Urging caution, Labour MP Rachael Maskell said her concern lies with someone who feels they are “just getting in the way” and thinks that “my children themselves will have a better future without me”.
She said it is not “necessarily coercion” but rather “the way that people feel in a society that changes the law”.
Responding to the debate on behalf of the Government, justice minister Laura Farris urged MPs to remember some vulnerable people do not have loving families and may be subject to coercion in regard to assisted dying.
Acknowledging arguments from some parliamentarians that most people with terminal illnesses have close families who would not seek to harm them, she said: “Implicit in that is that a minority don’t, and are in dysfunctional families, and may not have loved ones.
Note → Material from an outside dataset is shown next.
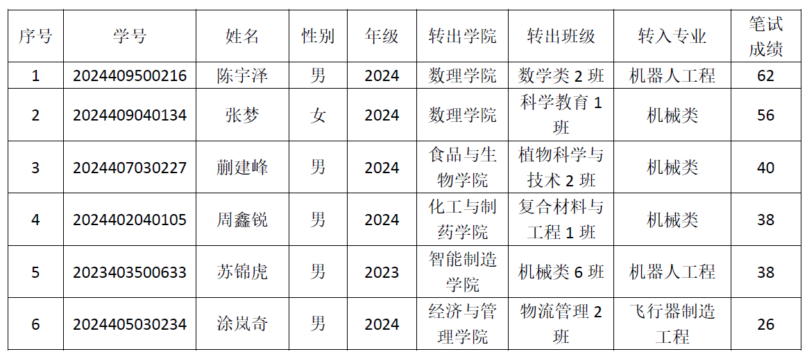 qy球友会2024年秋季学期期末转专业笔试考试已于2024年12月15日上午结束,现将笔试成绩进行公示。考生如有异议,请向qy球友会教学科办公室反映(办公地点:教学楼B2208,电话:0724-2313012)。现将笔试成绩公示如下:

“We must consider the consequences or the potential risks for them too.”
While it has been suggested by both Labour leader Sir Keir Starmer and the current Government that any potential law change could come through a private member’s Bill, this was said by some to be “the wrong mechanism”, with a number of MPs arguing more time would be needed to scrutinise any new legislation.
Demonstrators on both sides of the debate had gathered outside Parliament ahead of the argument, with broadcaster Jonathan Dimbleby among them.
In an interview with the PA news agency, he said politicians must “get off the fence” and commit to a “proper, full debate”.
He has previously described the current law as “increasingly unbearable” after the death of his younger brother Nicholas, who suffered with motor neurone disease (MND).
In a message to MPs, he told PA: “Get off the fence, don’t sit on your hands, have a proper full debate about all the implications, and at the end of that I am sure they will introduce legislation.”
He described the Not Dead Yet protest being held next to the Dignity in Dying demonstration as impassioned but unreasonable, saying some of the slogans were “scare stories that I wish that people wouldn’t deploy because of their own very strong feelings”.
Those who oppose a change in the law have voiced concerns that legalising assisted dying could put pressure on vulnerable people to end their lives for fear of being a burden on others and argue the disabled, elderly, sick or depressed could be especially at risk.
Dr Gordon Macdonald, chief executive of the campaign group Care Not Killing, described Monday’s debate as a missed opportunity to talk about fixing the UK’s palliative and social care system.
He said: “Instead of discussing this dangerous and ideological policy, we should be talking about how to fix the UK’s broken and patchy palliative care system so everyone can have a dignified death.”
Assisted suicide is banned in England, Wales and Northern Ireland, with a maximum prison sentence of 14 years.
In Scotland, it is not a specific criminal offence but assisting the death of someone can leave a person open to being charged with murder or other offences.
A Bill was introduced in Scotland in March – the third time members of the Scottish Parliament will have considered the issue.
Before the debate, the Government had responded to a health and social care committee report published in February, saying it will discuss with the devolved administrations and crown dependencies “the practical implications for England and Wales” of legislation in nearby jurisdictions “and any constitutional issues that such legislation may present”.